### Supplied entries
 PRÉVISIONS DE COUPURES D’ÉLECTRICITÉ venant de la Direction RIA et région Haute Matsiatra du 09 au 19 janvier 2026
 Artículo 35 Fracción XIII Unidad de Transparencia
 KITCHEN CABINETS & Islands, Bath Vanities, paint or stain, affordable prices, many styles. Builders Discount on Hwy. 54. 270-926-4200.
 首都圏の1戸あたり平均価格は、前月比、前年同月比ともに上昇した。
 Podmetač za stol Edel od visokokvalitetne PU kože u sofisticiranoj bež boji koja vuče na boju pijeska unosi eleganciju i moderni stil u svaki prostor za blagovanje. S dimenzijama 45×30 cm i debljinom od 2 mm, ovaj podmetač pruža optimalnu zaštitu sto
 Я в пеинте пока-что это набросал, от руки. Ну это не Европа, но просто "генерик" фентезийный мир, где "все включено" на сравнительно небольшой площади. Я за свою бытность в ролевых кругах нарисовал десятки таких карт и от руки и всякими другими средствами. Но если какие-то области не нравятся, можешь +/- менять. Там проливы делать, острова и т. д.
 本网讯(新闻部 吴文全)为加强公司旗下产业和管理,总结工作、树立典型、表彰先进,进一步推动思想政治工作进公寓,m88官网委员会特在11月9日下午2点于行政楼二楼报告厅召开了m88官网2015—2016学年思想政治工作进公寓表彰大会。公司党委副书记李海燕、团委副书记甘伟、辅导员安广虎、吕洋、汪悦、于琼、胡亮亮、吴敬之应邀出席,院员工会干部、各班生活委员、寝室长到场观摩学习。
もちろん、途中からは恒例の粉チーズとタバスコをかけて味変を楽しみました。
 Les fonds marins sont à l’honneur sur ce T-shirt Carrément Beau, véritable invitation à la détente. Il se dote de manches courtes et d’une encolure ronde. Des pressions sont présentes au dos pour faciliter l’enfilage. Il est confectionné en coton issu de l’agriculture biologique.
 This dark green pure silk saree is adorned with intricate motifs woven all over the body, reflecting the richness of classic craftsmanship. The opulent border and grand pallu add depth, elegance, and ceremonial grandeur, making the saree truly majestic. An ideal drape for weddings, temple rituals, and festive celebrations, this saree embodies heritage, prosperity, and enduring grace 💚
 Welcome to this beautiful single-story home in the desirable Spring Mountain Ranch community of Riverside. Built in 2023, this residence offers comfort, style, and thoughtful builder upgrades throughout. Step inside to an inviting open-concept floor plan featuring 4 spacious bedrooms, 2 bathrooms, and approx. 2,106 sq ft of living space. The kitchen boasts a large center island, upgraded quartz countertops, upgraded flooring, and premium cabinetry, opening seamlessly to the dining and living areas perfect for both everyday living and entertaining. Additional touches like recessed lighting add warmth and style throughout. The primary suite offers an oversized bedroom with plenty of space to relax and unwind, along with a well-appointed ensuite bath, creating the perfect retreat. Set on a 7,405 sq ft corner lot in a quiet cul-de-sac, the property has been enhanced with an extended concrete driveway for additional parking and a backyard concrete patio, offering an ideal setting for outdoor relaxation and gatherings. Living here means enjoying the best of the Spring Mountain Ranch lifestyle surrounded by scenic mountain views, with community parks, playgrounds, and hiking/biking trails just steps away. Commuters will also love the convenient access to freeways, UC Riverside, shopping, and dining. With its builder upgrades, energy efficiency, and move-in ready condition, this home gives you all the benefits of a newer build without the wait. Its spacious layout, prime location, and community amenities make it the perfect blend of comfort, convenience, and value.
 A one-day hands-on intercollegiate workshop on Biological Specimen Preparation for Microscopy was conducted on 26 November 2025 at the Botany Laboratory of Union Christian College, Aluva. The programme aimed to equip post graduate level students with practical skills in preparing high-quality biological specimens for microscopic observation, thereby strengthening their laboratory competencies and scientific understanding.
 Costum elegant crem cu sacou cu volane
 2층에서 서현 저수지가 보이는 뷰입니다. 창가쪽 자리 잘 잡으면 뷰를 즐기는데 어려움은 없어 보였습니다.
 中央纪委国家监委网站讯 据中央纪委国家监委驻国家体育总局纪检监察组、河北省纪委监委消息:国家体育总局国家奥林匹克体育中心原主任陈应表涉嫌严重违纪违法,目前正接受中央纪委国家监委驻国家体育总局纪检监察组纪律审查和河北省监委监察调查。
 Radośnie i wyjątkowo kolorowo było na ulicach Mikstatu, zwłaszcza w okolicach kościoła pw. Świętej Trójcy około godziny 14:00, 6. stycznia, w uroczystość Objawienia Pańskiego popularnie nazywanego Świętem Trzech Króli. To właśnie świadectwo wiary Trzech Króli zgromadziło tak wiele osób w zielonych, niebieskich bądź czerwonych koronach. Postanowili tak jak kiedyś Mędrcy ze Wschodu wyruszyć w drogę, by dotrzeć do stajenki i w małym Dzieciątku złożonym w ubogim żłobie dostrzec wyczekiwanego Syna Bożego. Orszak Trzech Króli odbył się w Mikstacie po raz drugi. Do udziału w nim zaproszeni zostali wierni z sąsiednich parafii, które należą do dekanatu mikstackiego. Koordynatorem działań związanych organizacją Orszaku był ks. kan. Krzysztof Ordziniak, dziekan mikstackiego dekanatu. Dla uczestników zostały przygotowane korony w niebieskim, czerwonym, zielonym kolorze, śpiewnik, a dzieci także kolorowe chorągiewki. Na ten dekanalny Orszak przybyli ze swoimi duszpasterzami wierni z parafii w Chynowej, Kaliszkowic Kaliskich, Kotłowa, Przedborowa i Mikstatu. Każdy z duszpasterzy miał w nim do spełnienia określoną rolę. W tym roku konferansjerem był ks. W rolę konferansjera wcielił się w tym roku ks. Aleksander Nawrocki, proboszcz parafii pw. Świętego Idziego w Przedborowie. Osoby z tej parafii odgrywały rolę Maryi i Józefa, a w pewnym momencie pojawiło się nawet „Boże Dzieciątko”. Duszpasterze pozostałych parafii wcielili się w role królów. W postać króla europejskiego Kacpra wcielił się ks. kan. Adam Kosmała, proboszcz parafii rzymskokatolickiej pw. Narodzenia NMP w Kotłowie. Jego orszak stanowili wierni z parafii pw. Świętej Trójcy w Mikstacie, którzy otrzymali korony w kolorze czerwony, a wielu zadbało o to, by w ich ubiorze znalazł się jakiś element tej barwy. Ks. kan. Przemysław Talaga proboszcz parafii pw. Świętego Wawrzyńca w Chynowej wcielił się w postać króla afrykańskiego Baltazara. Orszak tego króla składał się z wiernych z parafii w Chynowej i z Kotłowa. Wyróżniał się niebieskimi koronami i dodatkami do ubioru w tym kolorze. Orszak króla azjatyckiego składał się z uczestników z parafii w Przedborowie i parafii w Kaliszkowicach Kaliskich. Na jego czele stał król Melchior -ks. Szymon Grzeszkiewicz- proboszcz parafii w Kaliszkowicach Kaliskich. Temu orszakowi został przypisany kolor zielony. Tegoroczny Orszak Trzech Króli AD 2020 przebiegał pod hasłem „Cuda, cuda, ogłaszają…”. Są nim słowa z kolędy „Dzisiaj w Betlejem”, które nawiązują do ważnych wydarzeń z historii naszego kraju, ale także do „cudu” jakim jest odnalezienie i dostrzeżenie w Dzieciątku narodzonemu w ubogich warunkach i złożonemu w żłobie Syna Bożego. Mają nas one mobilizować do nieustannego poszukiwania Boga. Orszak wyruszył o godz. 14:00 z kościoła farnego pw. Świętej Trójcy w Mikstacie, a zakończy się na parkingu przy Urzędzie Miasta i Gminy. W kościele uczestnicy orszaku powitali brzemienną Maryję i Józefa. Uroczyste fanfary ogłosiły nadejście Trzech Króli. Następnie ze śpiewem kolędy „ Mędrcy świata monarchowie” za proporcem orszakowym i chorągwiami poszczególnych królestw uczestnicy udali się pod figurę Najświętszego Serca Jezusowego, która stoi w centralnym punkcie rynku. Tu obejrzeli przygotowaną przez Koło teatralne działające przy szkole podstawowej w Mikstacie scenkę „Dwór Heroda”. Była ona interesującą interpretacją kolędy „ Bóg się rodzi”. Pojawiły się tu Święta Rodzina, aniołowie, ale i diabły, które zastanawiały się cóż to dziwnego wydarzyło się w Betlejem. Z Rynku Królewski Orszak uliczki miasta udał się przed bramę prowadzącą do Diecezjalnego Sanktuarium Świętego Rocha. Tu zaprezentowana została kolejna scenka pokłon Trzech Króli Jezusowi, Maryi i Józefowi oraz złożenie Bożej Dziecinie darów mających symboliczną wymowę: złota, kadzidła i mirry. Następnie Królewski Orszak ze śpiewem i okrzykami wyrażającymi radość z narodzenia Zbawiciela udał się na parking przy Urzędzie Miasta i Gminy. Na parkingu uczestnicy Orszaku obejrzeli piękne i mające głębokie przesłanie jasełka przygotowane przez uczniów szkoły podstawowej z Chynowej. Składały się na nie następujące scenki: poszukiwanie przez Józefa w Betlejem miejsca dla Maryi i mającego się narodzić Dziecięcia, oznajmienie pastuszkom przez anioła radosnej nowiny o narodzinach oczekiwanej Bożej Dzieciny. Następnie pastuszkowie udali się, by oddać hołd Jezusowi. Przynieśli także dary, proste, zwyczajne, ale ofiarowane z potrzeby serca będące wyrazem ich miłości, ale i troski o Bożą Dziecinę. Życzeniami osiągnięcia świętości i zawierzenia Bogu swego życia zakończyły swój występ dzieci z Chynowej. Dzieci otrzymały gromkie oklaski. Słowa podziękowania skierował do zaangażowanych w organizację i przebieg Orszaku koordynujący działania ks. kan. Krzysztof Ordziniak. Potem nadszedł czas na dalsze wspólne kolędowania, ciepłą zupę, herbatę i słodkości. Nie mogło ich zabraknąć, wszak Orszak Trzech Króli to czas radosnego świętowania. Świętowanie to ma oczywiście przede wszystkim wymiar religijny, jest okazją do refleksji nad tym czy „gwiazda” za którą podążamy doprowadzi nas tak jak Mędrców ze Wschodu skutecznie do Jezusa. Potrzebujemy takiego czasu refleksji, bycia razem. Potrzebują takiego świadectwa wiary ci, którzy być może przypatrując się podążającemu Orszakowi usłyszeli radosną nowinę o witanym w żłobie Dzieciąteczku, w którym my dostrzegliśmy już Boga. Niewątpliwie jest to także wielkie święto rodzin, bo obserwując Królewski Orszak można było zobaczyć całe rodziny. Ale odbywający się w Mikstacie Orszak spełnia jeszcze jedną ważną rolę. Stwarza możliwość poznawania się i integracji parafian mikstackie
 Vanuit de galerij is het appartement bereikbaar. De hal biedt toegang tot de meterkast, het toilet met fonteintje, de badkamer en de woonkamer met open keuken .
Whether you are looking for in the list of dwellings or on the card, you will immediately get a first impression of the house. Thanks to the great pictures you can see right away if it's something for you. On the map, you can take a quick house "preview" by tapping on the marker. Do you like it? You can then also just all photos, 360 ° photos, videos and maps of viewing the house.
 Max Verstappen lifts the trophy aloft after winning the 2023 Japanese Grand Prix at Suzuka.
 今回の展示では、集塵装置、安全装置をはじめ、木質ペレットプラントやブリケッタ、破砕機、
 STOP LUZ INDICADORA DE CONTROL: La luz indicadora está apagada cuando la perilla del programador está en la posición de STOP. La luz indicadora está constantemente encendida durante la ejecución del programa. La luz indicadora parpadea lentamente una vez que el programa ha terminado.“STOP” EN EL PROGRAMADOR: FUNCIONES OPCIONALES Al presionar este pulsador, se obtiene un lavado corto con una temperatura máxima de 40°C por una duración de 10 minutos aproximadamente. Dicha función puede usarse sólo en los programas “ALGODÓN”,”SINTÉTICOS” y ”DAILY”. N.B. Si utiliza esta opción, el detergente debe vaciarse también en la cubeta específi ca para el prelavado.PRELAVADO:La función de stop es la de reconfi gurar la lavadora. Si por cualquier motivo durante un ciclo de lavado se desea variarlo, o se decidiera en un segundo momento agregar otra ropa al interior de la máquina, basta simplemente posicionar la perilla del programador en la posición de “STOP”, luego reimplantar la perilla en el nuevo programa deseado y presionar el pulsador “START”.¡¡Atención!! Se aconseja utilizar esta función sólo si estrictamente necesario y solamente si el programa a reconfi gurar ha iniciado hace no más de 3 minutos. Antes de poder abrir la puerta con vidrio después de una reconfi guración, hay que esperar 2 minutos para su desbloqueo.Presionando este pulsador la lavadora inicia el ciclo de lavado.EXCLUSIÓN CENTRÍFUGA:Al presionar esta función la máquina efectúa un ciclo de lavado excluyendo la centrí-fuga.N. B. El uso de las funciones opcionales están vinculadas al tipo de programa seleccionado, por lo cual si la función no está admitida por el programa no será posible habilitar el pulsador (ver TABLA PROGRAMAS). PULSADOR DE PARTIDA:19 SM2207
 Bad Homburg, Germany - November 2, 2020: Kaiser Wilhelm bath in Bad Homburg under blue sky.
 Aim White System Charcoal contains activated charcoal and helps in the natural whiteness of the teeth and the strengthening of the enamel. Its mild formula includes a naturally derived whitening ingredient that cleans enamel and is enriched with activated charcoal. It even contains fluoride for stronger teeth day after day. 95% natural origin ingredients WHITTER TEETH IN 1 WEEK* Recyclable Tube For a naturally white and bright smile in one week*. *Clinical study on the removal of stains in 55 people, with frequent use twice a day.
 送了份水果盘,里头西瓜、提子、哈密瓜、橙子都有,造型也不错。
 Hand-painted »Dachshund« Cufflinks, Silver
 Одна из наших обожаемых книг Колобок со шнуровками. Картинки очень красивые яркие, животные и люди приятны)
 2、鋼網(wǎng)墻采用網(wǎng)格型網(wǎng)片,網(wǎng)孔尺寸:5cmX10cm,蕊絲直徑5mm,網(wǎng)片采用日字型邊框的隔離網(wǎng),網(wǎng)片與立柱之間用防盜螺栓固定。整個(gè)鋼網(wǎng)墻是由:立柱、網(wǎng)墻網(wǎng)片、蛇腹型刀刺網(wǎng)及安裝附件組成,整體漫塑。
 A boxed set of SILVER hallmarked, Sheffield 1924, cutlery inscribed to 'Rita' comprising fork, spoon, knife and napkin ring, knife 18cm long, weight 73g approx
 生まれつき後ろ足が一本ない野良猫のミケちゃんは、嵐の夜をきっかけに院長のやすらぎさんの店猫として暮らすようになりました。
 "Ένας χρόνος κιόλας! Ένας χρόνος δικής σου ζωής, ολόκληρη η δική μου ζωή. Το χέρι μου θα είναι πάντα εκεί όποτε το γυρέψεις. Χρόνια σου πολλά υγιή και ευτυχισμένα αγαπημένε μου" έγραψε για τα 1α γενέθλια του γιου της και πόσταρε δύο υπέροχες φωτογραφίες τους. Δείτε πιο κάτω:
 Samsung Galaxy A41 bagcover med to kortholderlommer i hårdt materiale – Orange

### Task statement
What lines in the listing above contain the word "November"? Show each one.

### Result for this exercise
 A one-day hands-on intercollegiate workshop on Biological Specimen Preparation for Microscopy was conducted on 26 November 2025 at the Botany Laboratory of Union Christian College, Aluva. The programme aimed to equip post graduate level students with practical skills in preparing high-quality biological specimens for microscopic observation, thereby strengthening their laboratory competencies and scientific understanding.
 Bad Homburg, Germany - November 2, 2020: Kaiser Wilhelm bath in Bad Homburg under blue sky.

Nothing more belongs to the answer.